Wenn wir beim Bild des Zollstocks und der wahrgenommenen bereits vergangenen beziehungsweise noch zur Verfügung stehenden Zeit bleiben, so wird sich ein älterer Mensch vermutlich eher Fragen stellen wie: Was habe ich schon erlebt und was hat geklappt? Was nicht? Wieviel Zeit steht mir noch Verfügung? Was verliere ich vielleicht, wenn ich mein Leben verändern will? Während ein jüngerer Mensch sich vermutlich eher Fragen stellt wie zum Beispiel: Wie bekomme ich das mit dem Studium unter einen Hut? Wie geht das ohne Geld? Wie kann ich mir das finanzieren?

Der Begriff „Neujahrsvorsätze“ sagt es ja schon: Viele wollen den Start ins neue Jahr als Startschuss zur Veränderung nutzen. Hilft dieses Fokussierung auf das Datum eher bei der Veränderung oder behindert es diese?

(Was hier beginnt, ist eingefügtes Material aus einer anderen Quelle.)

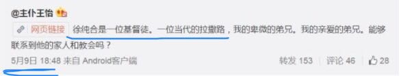 5月9日,王怡就发微博称徐纯合是当代的拉撒路,这也就等于在肯定徐纯合是位基督徒。见下面王怡的微博截图: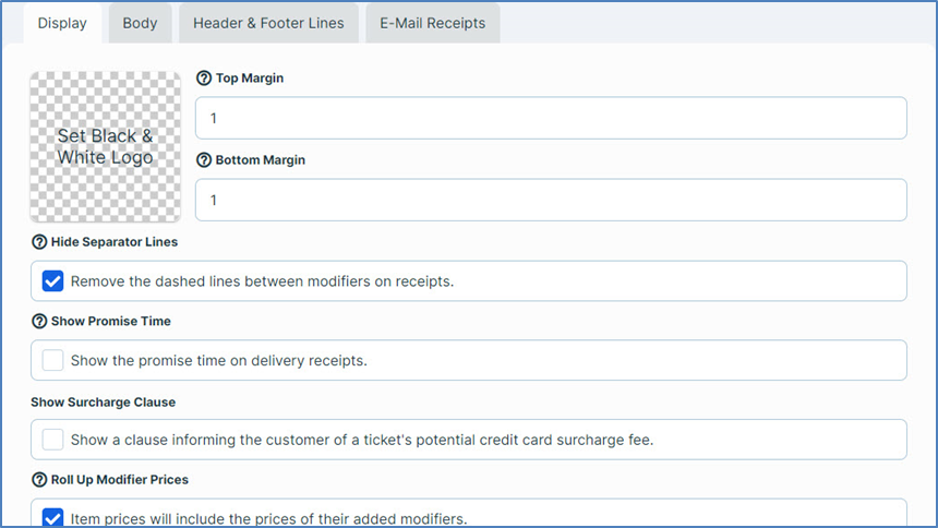 Show Promise Times: This box enables you to include promised prep times on printed receipts for delivery and future orders. If you select this check box, the POS will print the promise time on any receipts for orders that have a promise time.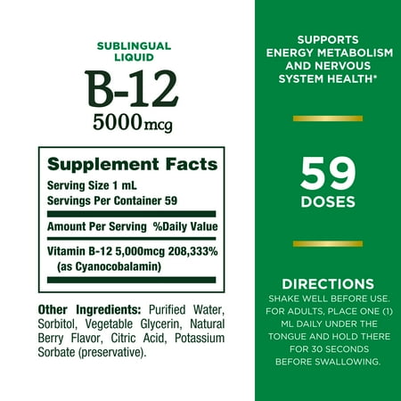 Nature's Bounty Vitamin B-Complex Liquid for Energy Metabolism, 59 Doses Beneficial for individuals who have difficulty swallowing pills Supports Energy Metabolism* 5 Key B Vitamins This liquid elixir supports energy metabolism and a healthy nervous system* vegetarian-friendly and gluten-free *These statements have not been evaluated by the Food and Drug Administration. This product is not intended to diagnose, treat, cure or prevent any disease.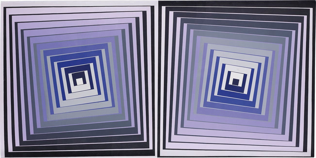 Signed 'vasarely' lower right; signed, titled and dated 'P.1050 VASARELY "INOGUE" 1975/1980 vasarely' on the reverse. This work is accompanied by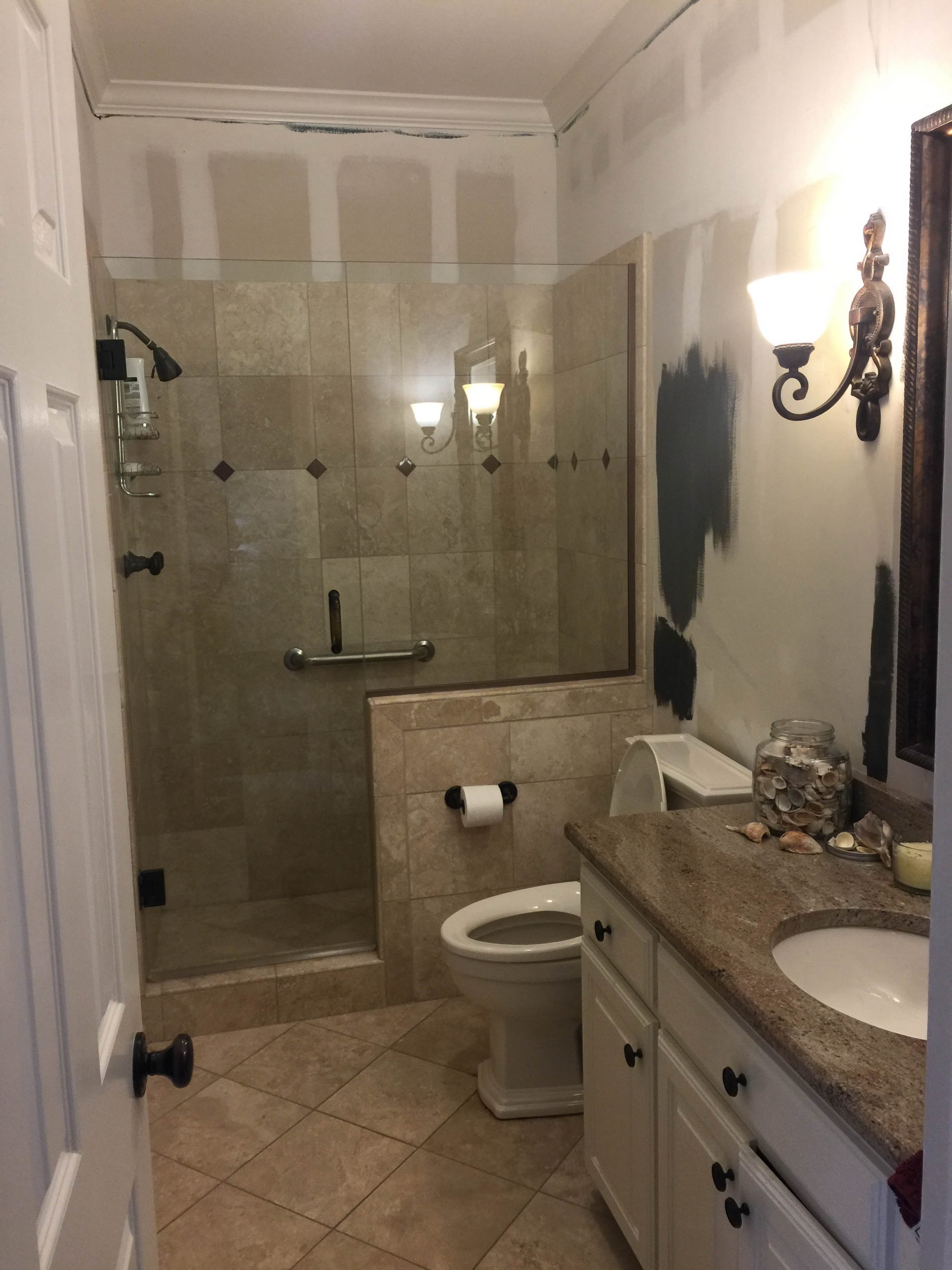 When we bought our house about seven years ago, the existing bathroom had been recently remodeled with a new shower and granite counter top. It wasn’t completely offensive, but as I lived with it for years and years, I began to hate the wallpaper. It had some french words on it that you could barely read and it really started to drive me crazy. Here is the picture that is still on Zillow.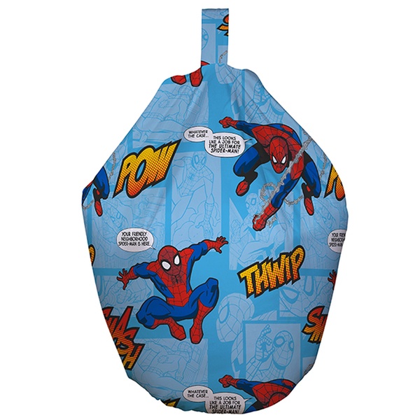This comfortable bean bag is 100% cotton and features an all-over Spiderman-themed print

Ich halte es da mit einem Zitat, dessen Herkunft ich allerdings nicht weiß: Was hilft, hat Recht! Wenn Menschen ein solch‘ magisches Datum als Anfangsanker brauchen und sie darin unterstützt, in die Veränderung zu kommen, dann ist doch alles gut, oder? Ob das dann auch in eine nachhaltige Veränderung führt, das steht auf einem anderen Blatt Papier. Ich glaube aber nicht, dass das Datum hinderlich ist. Es ist eben nur kein Garant für den Erfolg. Leider untersucht FORSA nur den Veränderungserfolg für die Neujahrs-Vorsätze. Zu den unterjährig begonnenen Veränderungsvorhaben gibt es keine Daten.

Ich ermutige die Menschen immer, sich einen Ort der Stille zu suchen, dort innezuhalten und in sich hineinzuhören. Wenn es draußen still wird, wird der Lärm im Inneren hörbar. Und wer sich dann zuhört, hört auch, ob der Veränderungswunsch auch tatsächlich der eigene Wunsch ist.

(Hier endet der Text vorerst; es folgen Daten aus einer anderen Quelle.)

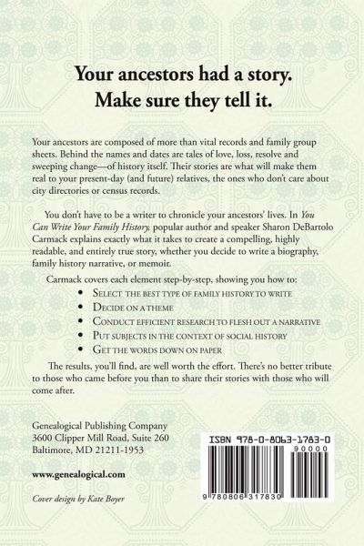 Your ancestors are composed of more than vital records and family group sheets. Behind the names and dates are tales of love, loss, resolve and sweeping change--of history itself. Their stories are what will make them real to your present-day (and future) relatives, the ones who don't care about city directories or census records. You don't have to be a writer to chronicle your ancestors' lives. In this volume, popular author and speaker Sharon DeBartolo Carmack explains exactly what it takes to create a compelling, highly readable, and entirely true story, whether you decide to write a biography, family history narrative, or memoir.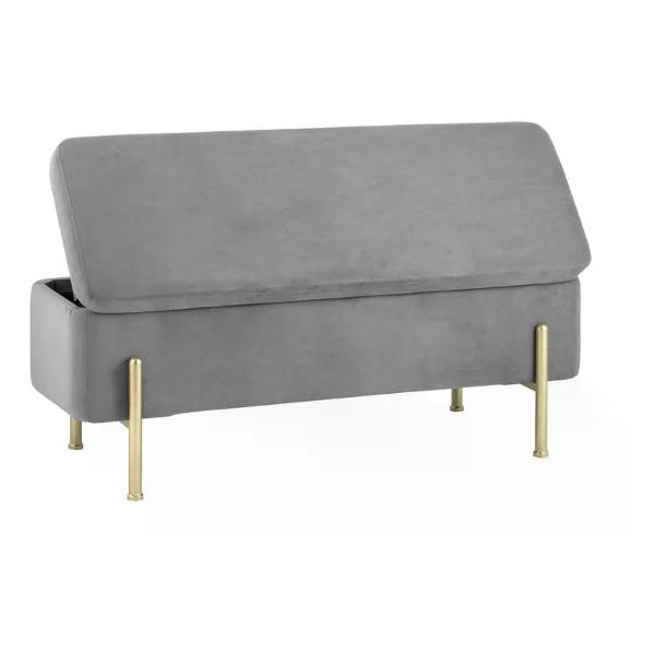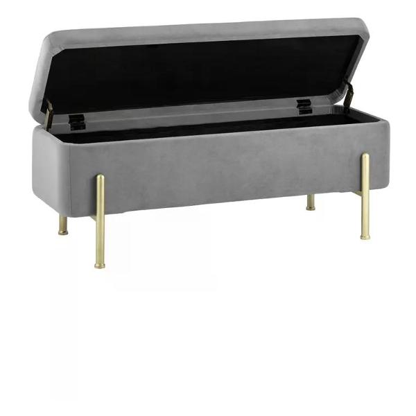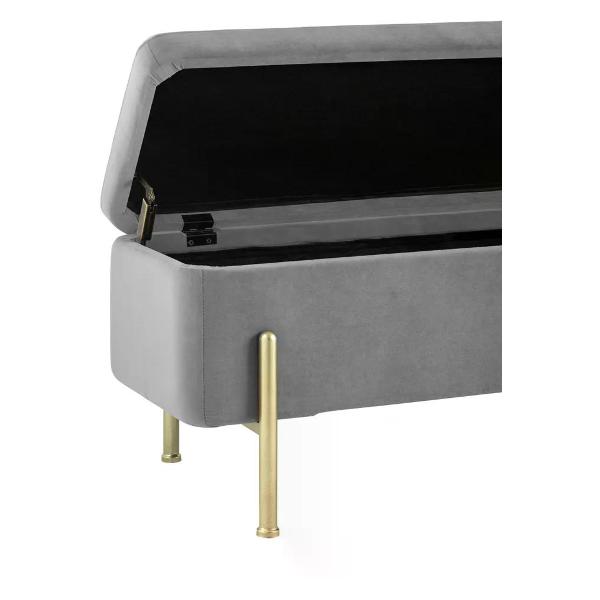 Использование высококачественного велюра антивандального покрытия обеспечивает не только красоту и комфорт, но и надежность при постоянной эксплуатации. Это отличный выбор для любой комнаты — будь то мини прихожая, гостиная или даже ванная — где нужна мебель с большим объемом хранения и удобным сиденьем. Ножки из металла в золотом цвете выдерживают вес до 150 кг, гарантируя долговечность и устойчивость изделия в повседневном использовании.

Sie starten jedes Jahr am 1. Januar eine Neujahrswanderung, um den Blick auf das Kommende zu richten. Wissen Sie schon, was Sie da diesmal erwarten wird?

Nein, weil ich ja nie weiß, wohin es mich treibt. Ich laufe einfach los und schaue, was passiert. Ich nehme mir nichts vor. Während meiner Wanderung lass‘ ich die Gedanken kommen und gehen. Und irgendwann ist es auch bei mir soweit und es stellt sich ein Gefühl der Gewissheit und der inneren Ruhe ein. Dann sehe ich ganz deutlich, was ich mir für das vor mir liegende Jahr wünsche. Wirklich wünsche. Und dann rufe ich zuhause an und lasse mich abholen. Egal, wo ich gelandet bin. Ob ich 5 oder 30 Kilometer von zuhause entfernt bin. Meine Familie soll an meinem Weg teilhaben. Zumindest an einem kleinen Stück.